EXERCISE — Transcribe the whole listing without a single picture.

DATA SEGMENT —
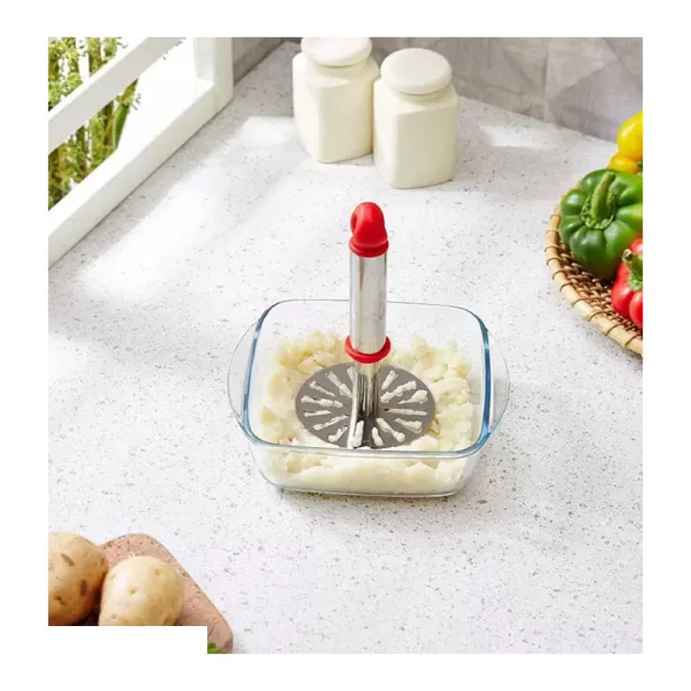 The stainless steel vegetable masher is a robust and versatile tool for mashing a variety of vegetables. Crafted from high-quality stainless steel, it ensures durability and is suitable for multipurpose use in the kitchen.
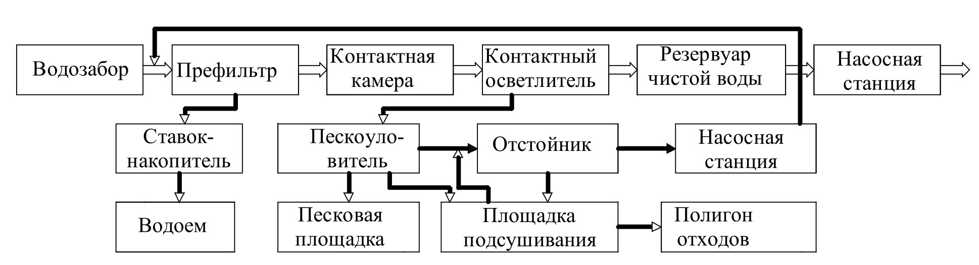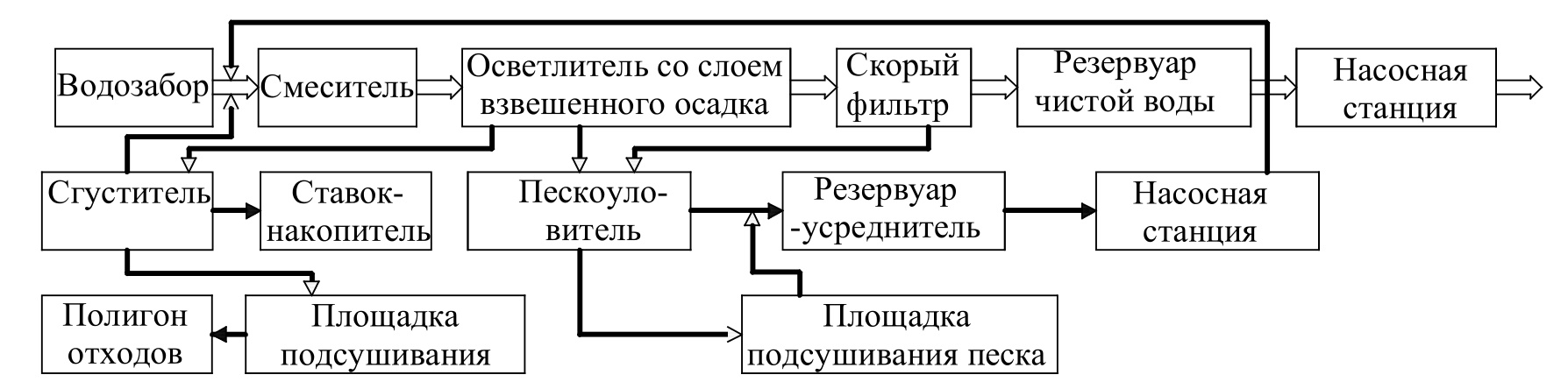 - по второй схеме (рис. 3) промывную воду после осветлителей со слоем взвешенного осадка и скорых фильтров, осадок из сооружения первой ступени направляют в сгустители, затем на площадки подсушивания и на полигон отходов. Осветленную воду из сгустителя перекачивают в смеситель или в пруды-накопители. Грязная промывная вода после резервуара-усреднителя поступает в смеситель ВОС;
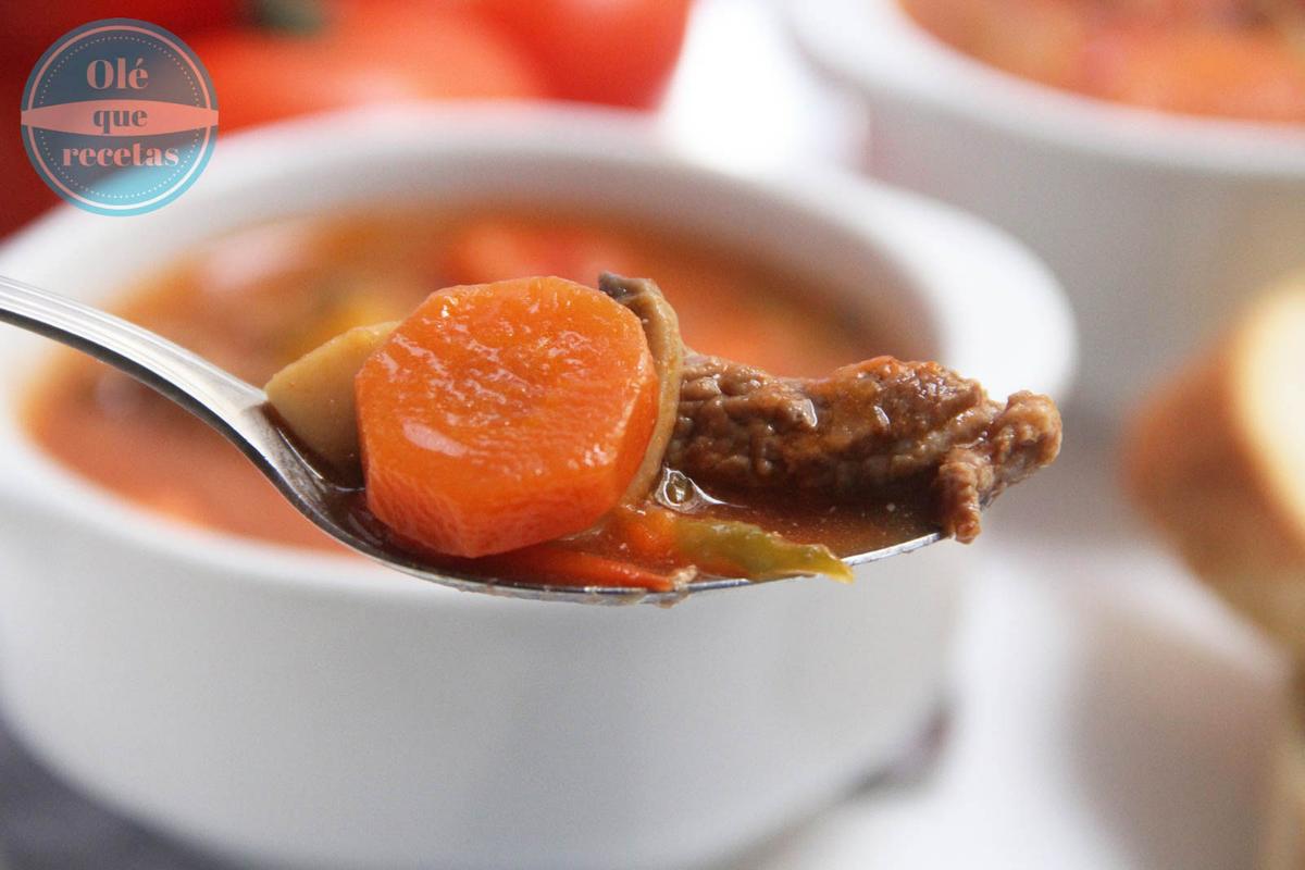Añadimos el caldo de carne (tiene que cubrir la carne y las verduras), sal, pimienta, hojas de laurel, chile rayado, pimentón dulce. Y cocinamos todos más o menos 1 hora a fuego medio.

THE ANSWER —
 The stainless steel vegetable masher is a robust and versatile tool for mashing a variety of vegetables. Crafted from high-quality stainless steel, it ensures durability and is suitable for multipurpose use in the kitchen.
 - по второй схеме (рис. 3) промывную воду после осветлителей со слоем взвешенного осадка и скорых фильтров, осадок из сооружения первой ступени направляют в сгустители, затем на площадки подсушивания и на полигон отходов. Осветленную воду из сгустителя перекачивают в смеситель или в пруды-накопители. Грязная промывная вода после резервуара-усреднителя поступает в смеситель ВОС;
Añadimos el caldo de carne (tiene que cubrir la carne y las verduras), sal, pimienta, hojas de laurel, chile rayado, pimentón dulce. Y cocinamos todos más o menos 1 hora a fuego medio.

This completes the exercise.